The dolphin desk clock that appears in this movie actually belonged to Isherwood while he lived in Berlin. It was lent to the film's production by Don Bachardy, Isherwood's longtime romantic partner, who visited the set during filming.
While filming this movie in Belfast, Northern Ireland, Ulster Unionists vehemently protested the fact that some scenes required giant roof-to-ground Nazi swastika banners to be hung on the exteriors of buildings. This protest resulted in those exterior scenes only being filmed in the very early morning or late night, which greatly complicated the filming schedule.
In Christopher Isherwood's original 1937 short story "Sally Bowles", the eponymous character expresses antisemitic sentiments. As a staunch anti-racist, Jean Ross was incensed that Isherwood depicted her fictional alter-ego Sally Bowles as supportive of "the attitudes which led to Dachau and Auschwitz". Scholars have noted the antisemitic remarks in "Sally Bowles" were a reflection of Isherwood's prejudices which the author regretted in the aftermath of the Holocaust. When the 1937 short story was later anthologized in both "Goodbye to Berlin" and "The Berlin Stories," Isherwood insisted that Sally's antisemitic remarks be deleted.

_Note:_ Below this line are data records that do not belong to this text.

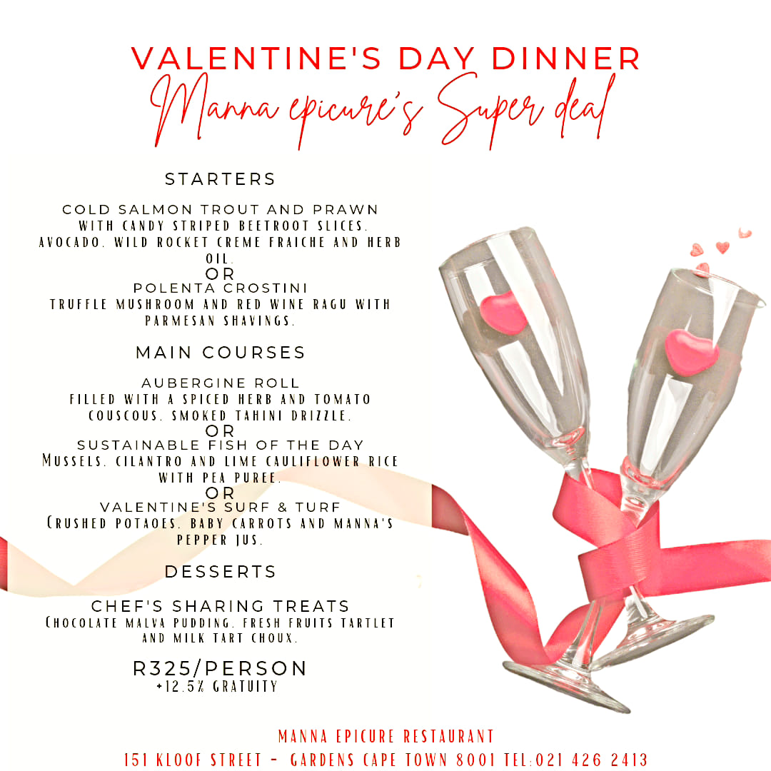 Manna Epicure will be offering a 3 course dinner on the 14th February
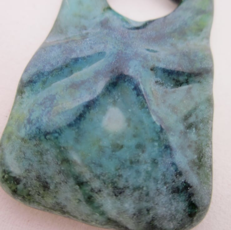 It is a stunning ornament, with multiple layers of dark blue and green frit, including sparkling aventurine, creating a beautiful marbled effect. The surface is textured to provide a contour of a dragonfly making this a very tactile piece. This is a unique and eye catching piece of costume jewellery.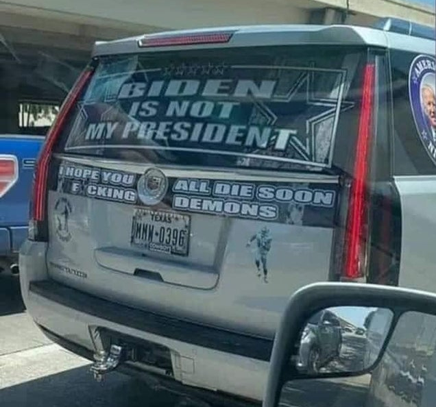 at that MAGA idiot's car driving around with a death threat painted

Although his stories about the nightlife of Weimar Berlin became commercially successful and secured his reputation as an author, Christopher Isherwood later denounced his own writings. In a 1956 essay, Isherwood lamented that he had not understood the suffering of the people which he depicted. He stated that 1930s Berlin had been "a real city in which human beings were suffering the miseries of political violence and near-starvation. The 'wickedness' of Berlin's night-life was of the most pitiful kind; the kisses and embraces, as always, had price-tags attached to them.... As for the 'monsters', they were quite ordinary human beings prosaically engaged in getting their living through illegal methods. The only genuine monster was the young foreigner who passed gaily through these scenes of desolation, misinterpreting them to suit his childish fantasy."